As he moved toward the mob boss, the timer on the explosive device bottomed out to zero.
It signaled the end of its countdown by issuing a distinct ding sound as benign as a toaster. No explosion ensued. The artificial bomb proved a successful distraction.
He advanced further, stepping slowly, relishing Ivanov’s reaction. Dmitri Ivanov sat mouth agape. Eugene removed his dark sunglasses revealing his unnatural, feline eyes. He parted his thin lips and stretched them across his teeth into a twisted smile. Like a ferocious animal baring his incisors, his face contorted into a nightmarish image.
He watched as Ivanov’s carotid artery pulsated erratically; he could practically hear its fitful drumming. The burly, blond criminal’s expression was no longer cocky. Instead, he more closely resembled a man who had seen the devil himself. Fear and horror flashed across his reddened face as he regarded the abomination positioned across from him.
Dmitri Ivanov, though shocked and horrified, attempted to feign confidence.
“What the hell are you?” he asked.
Eugene leaned toward Ivanov and spoke, “What I am is the man who was sent to kill you, Mr. Ivanov.”
Eugene paused, allowing the weight of his words to be fully absorbed.
“You’ve insulted Dr. Franklin Terzini. You threatened his life. Now, I’m here for yours.”
“If you kill me, you will start something you cannot finish!” Ivanov said his words pressured by fear he sought to suppress. “Do you have any idea how many men I am connected to?

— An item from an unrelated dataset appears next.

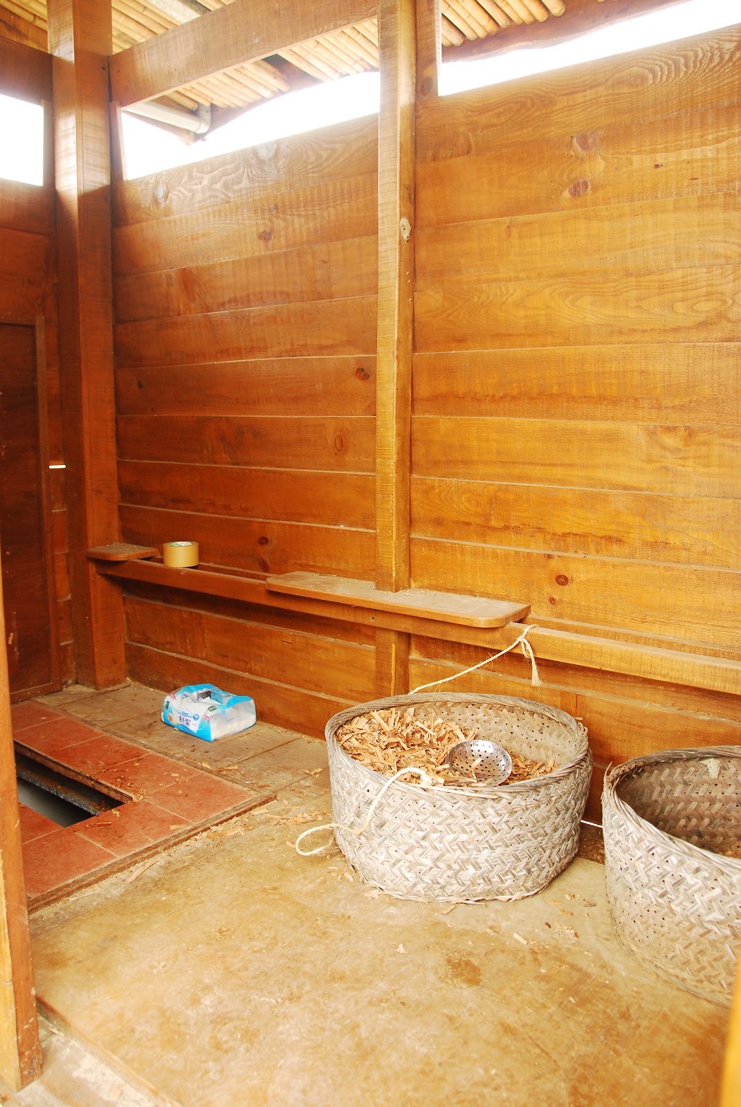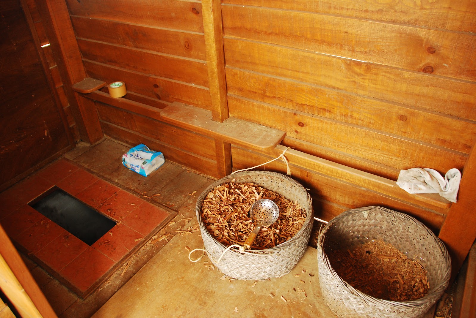 內部的陳設:一個糞坑,兩簍粗細不等的木屑,還加個衛生 紙和鐵杓子。其實,這裡頭的巧思在於,兩個竹簍的木板底下是另一個糞 坑,所以,這間廁所其實是兩間廁所。

There is no country in the world that you or Terzini will be safe in, you will be tracked down like dogs. If you Let me live,” he tried, but Eugene had heard enough. He interrupted Ivanov’s ramblings and spoke, his voice flat and devoid of emotion.
“Let you live? I don’t think so. But I will give you a sporting chance and offer you a count of twenty to flee before I come after you.”

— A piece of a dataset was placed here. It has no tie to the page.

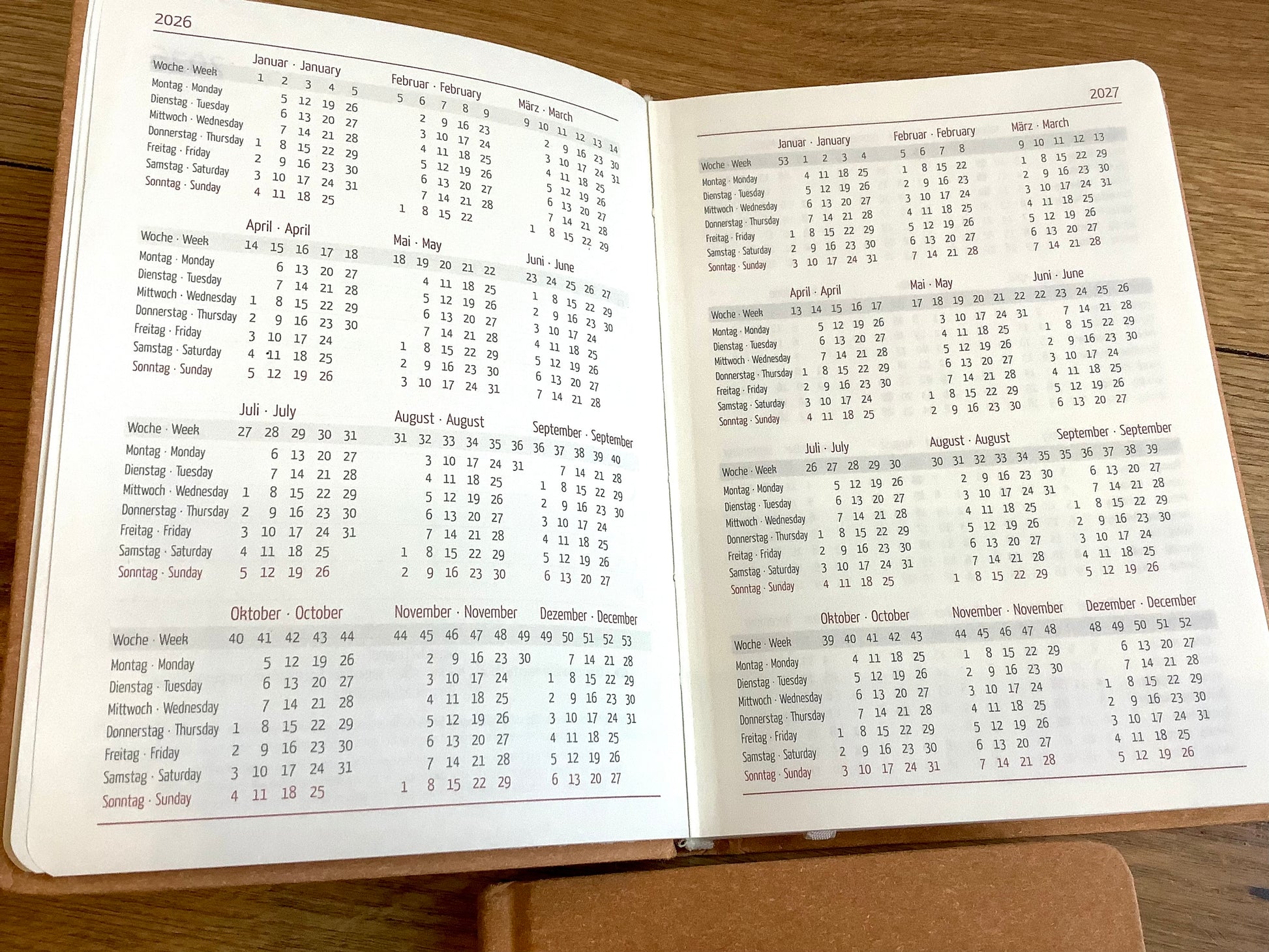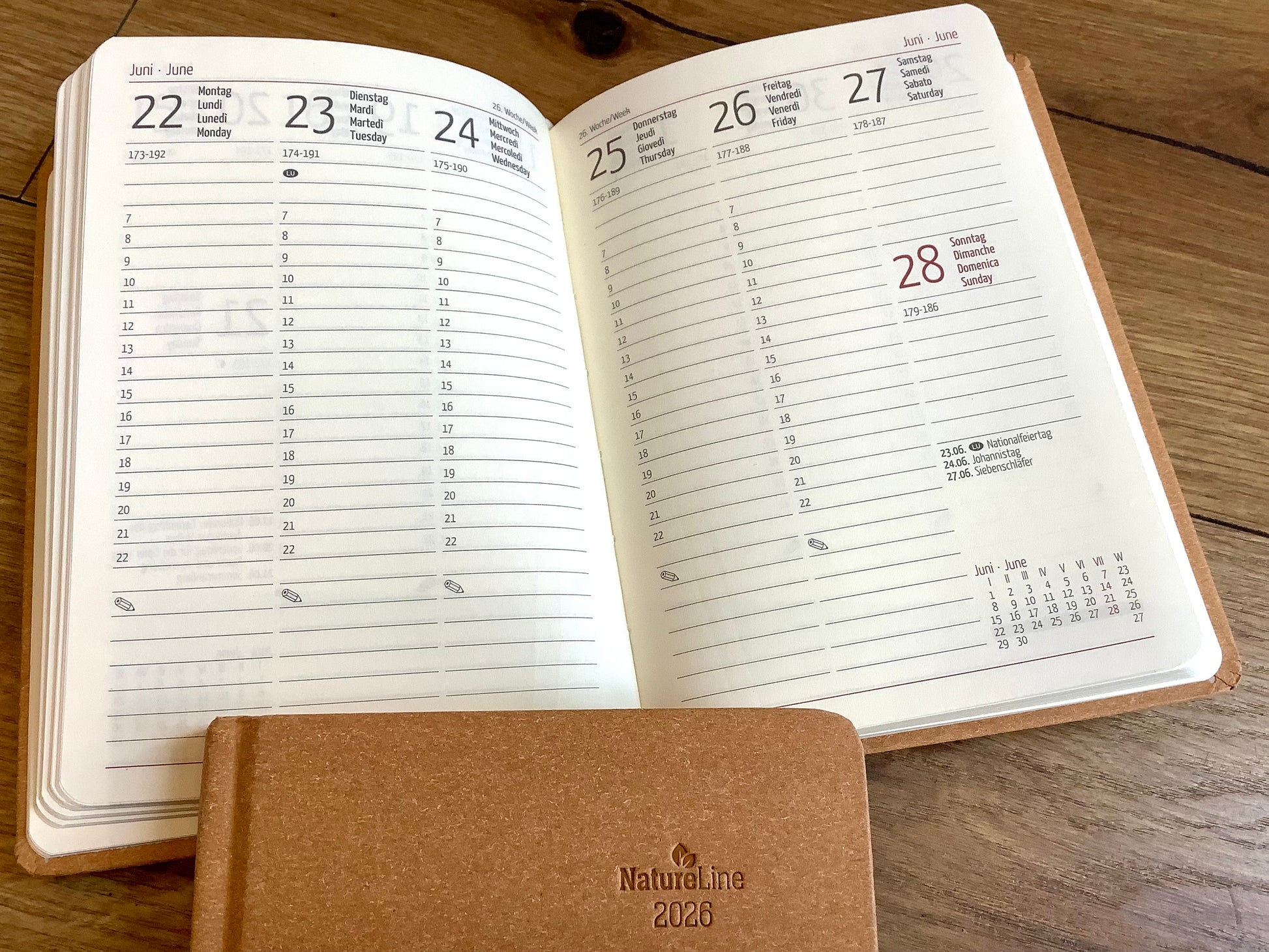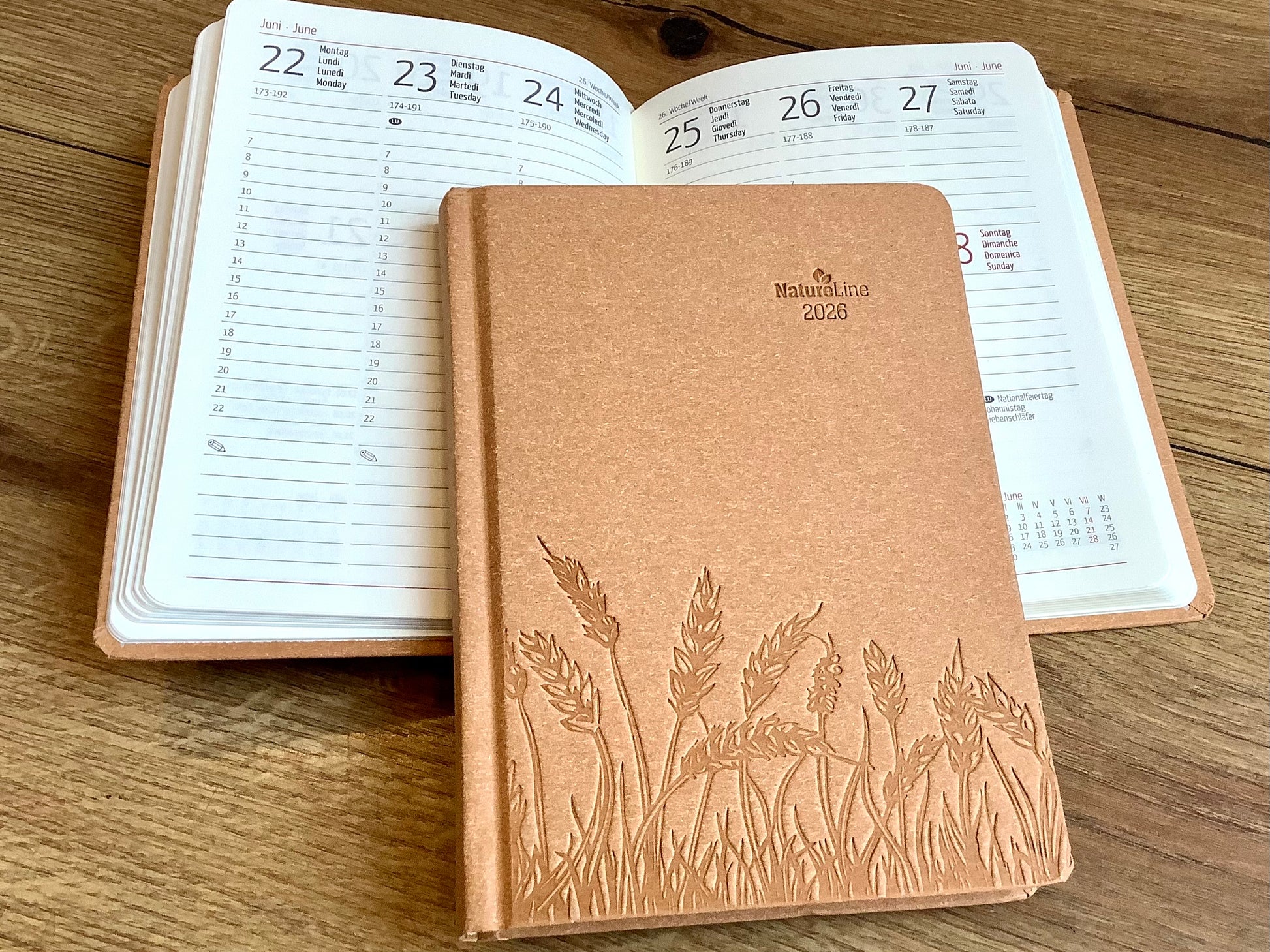 Taschenkalender A6 10x15cm 1W/2S Nature Line braun 2026

“Do you hear me?” Ivanov asked, his voice turning shrill. “There is no,” he tried again futilely.
“Twenty!” Eugene spat angrily, alerting Ivanov that there would be no bargaining.
“You’re a dead man!” Ivanov proclaimed as he rose from his chair.
Eugene smirked at Ivanov, before resuming his countdown.
“Nineteen!”
Accepting his fate, Dmitri Ivanov frantically scrambled out the door in to the surrounding wooded hills.
Eugene, true to his word, gave Dmitri Ivanov a full count of twenty before slowly walking to the door of the dilapidated structure. He paused at the threshold and sniffed the air. Though thickened by fog, the scent was distinct; it lingered. Savoring the trail for just a moment, Eugene felt a familiar emotion swell with in him: rage.
He needed to kill. His entire body quivered involuntarily before he stepped outside to begin his pursuit.
Swiftly closing the distance between him and Iva
nov, Eugene descended on his prey.
There was no longer a need for him to rush, he was able to take his time, enjoy himself.
If anyone had been in the forested hills of Petropavlovsk-Kamchatsky, they would have heard the tortured screams of Dmitri Ivanov suffering at the hands of his killer. Fortunately for Eugene, no one was present to hear the cries.